When we define an Implicitly unwrapped optional, we define a container that will automatically perform a force unwrap each time we read it.

var text: String! = "Hello"

If now we read text

let name = text

we don't get an Optional String but a plain String because text automatically unwrapped it's content.

However text is still an optional so we can put a nil value inside it

text = nil

But as soon as we read it (and it contains nil) we get a fatal error because we are unwrapping an optional containing nil

let anotherName = text

fatal error: unexpectedly found nil while unwrapping an Optional value

I'd say no, you're drawing a false distinction:

  • The first half is right; unwrapping is certainly something you do to Optionals, and forced unwrapping is a way to do it (an unsafe way).
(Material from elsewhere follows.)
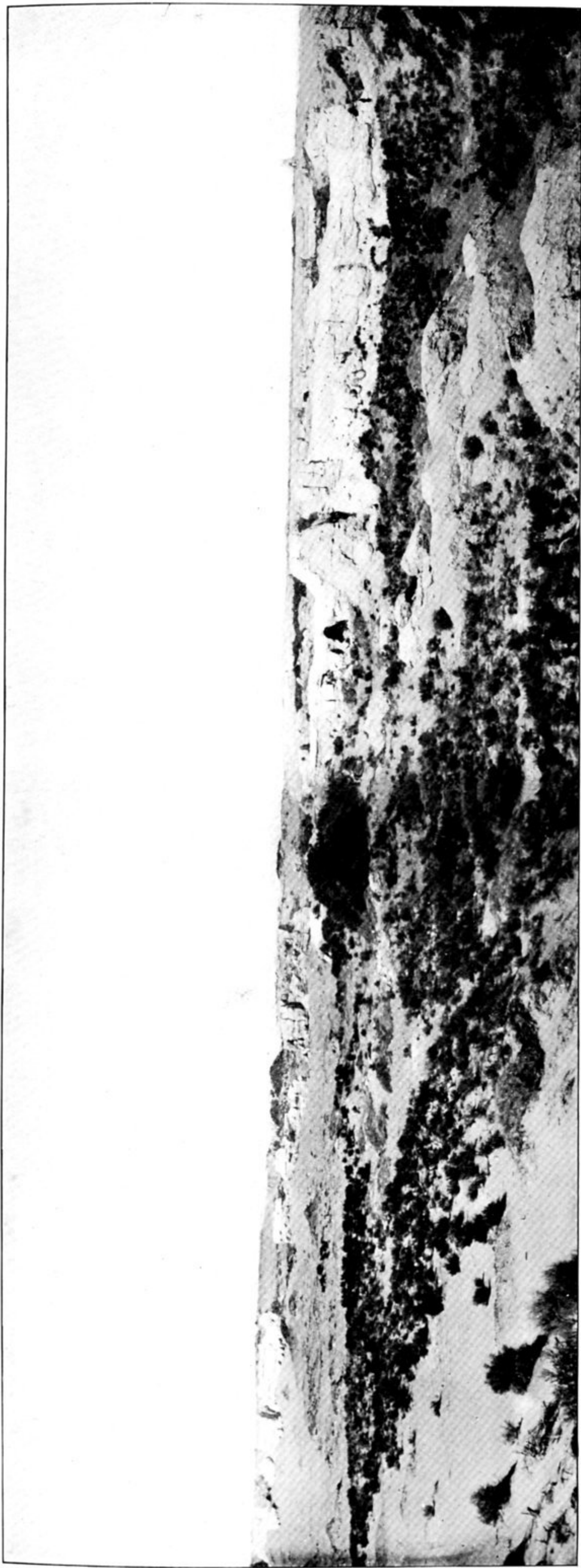
185. RUINED TOWN OF SO-YANG-CH'ENG, SEEN FROM NORTH-EAST, WITH INNER EAST WALL IN FOREGROUND AND TOWER OF NORTH-WEST CORNER BASTION IN DISTANCE ON RIGHT.

  • But as to what an implicitly unwrapped Optional is: it is a way of marking an Optional type so that forced unwrapping will be done for you (if you use the Optional in a place where it can't be used, but could be used if it were unwrapped).


An implicitly unwrapped optional is a normal optional behind the scenes, but can also be used like a non optional value, so yes you are correct.

But if you declare a value as implicitly unwrapped, it is equivalent to force unwrapping it at every use.

For Implicitly unwrapped Optionals there are 4 main reasons to do that.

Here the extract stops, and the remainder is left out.